The next step is a full journal cleanup since:
- Any pending operation (excluding create, perhaps) is bound to fail.
- Any pending create operation will be recreated anyway so no need to have an older call for it.
Finally the operation goes over all the resources top-to-bottom (i.e. starts with root resources first) and adds an entry to create it to the journal. The last resource that’s created is the canary network so that in case the operation fails before the end, we will just re run it.
This design guarantees that the resource creation will behave in the same manner as any other resource creation handled by the journal, so we get all the benefits the journal provides and also resiliency since writing to the journal should be rather fast even at scale.
Stale Journal Lock Clean Up
Sometimes a journal entry can get locked indefinitely, causing it to get stuck in the journal forever and never be handled. This can happen if the thread handling the entry dies (A bug, a process crash, or a power failure are some of the things that can cause this).
We introduced a maintenance operation which scans the journal table for entries in the PROCESSING state (which indicates they’re locked) that are older than (determined by the last update field) a configured interval that’s set by the ‘ml2_odl.processing_timeout‘ configuration option.
Any journal entry that answers these criteria gets marked back to PENDING state and essentially pushed back to the end of the journal’s queue, so that when a journal will get to it it will pick it up and handle it.
Similar logic will soon be introduced for the maintenance lock so that a stale maintenance lock doesn’t prevent the maintenance thread from running.
Completed Entries Clean Up
When the journal finishes processing an entry it moves to the COMPLETED state. This indicates that the request has been handled and sent off to ODL (but could ultimately fail there, which isn’t handled here).
Obviously in a large scale environment there would be plenty of these rows, which could lead to intense DB growth which could eventually lead to performance problems, space problems and all sorts of mayhem in general. Therefore, it’s a good thing to get rid of the completed rows after a while.
The completed rows get cleaned by a maintenance operation and the retention for a row could be set by the ‘ml2_odl.completed_rows_retention‘ configuration option.
Failed Entries Recovery
When the journal fails in processing the entry too much times (determined by the ‘ml2_odl.retry_count‘ configuration option), it will transition into the FAILED state.
This state would most likely be reached due to either some bug or some mis-synchronization between the Neutron resources and their ODL counterparts.
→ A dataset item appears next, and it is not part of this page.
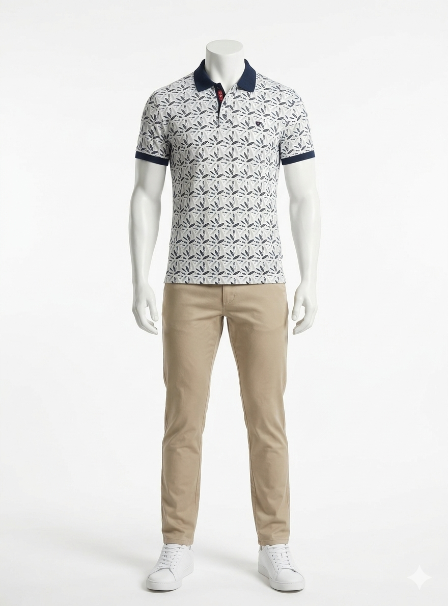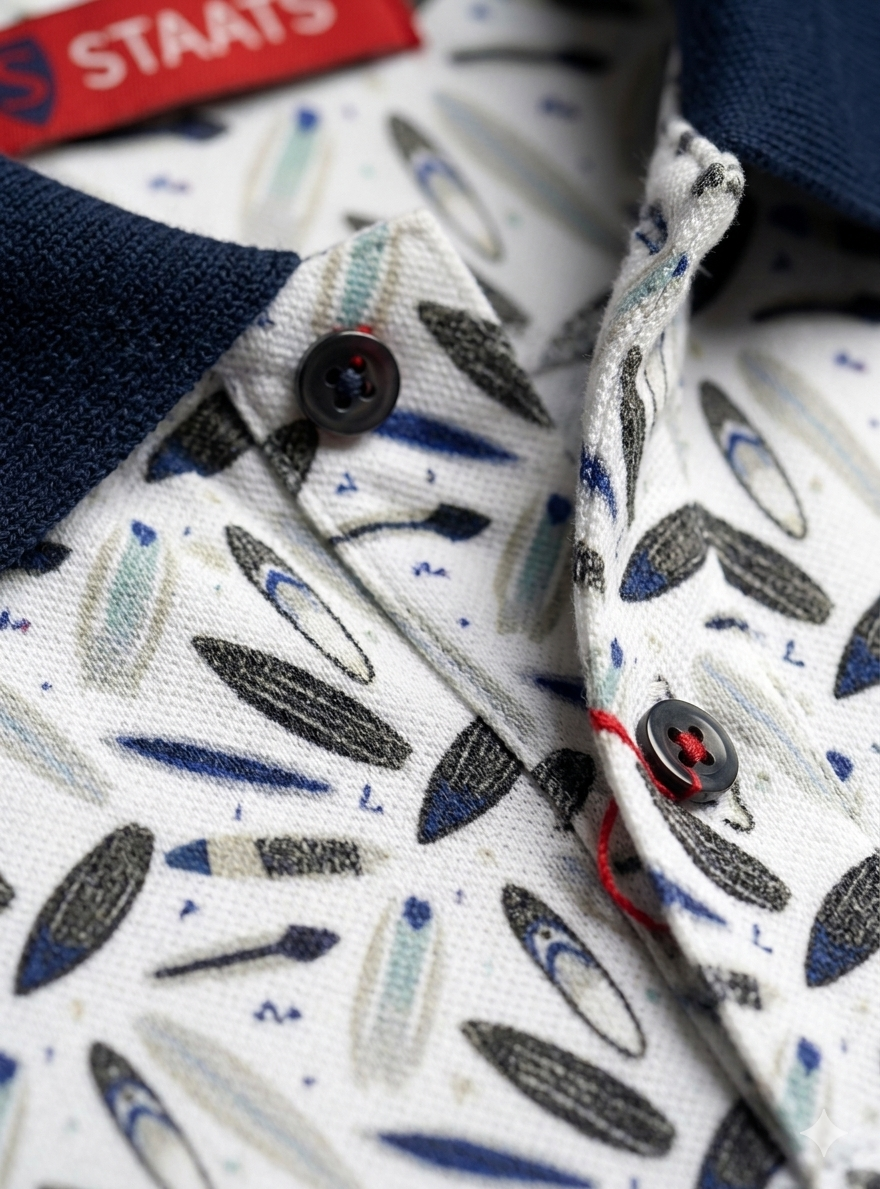 Polo de Staats, 100% algodón plana fino en color blanco con multi dibujos de tablas de surf, con cortes laterales, cuello y puños en azul marino

I have already submitted a spec for implementing this capability, so instead of re-writing it here I’ll just refer you to read the spec.
The TL;DR here is that a maintenance process of recovery will try to recover failed journal entries by actually communicating with ODL and checking it’s state (as opposed to how the journal normally works which is send and forget, without checking ODL’s state at all).
If you got this far, kudos to you and your perseverance.
While this is the end of this post series, this is definitely not the end of the driver development effort.
There are still many challenges ahead such as scale & performance concerns, possible issues & bugs, and many more features to add.
If you’d like to contribute, please join us in our efforts.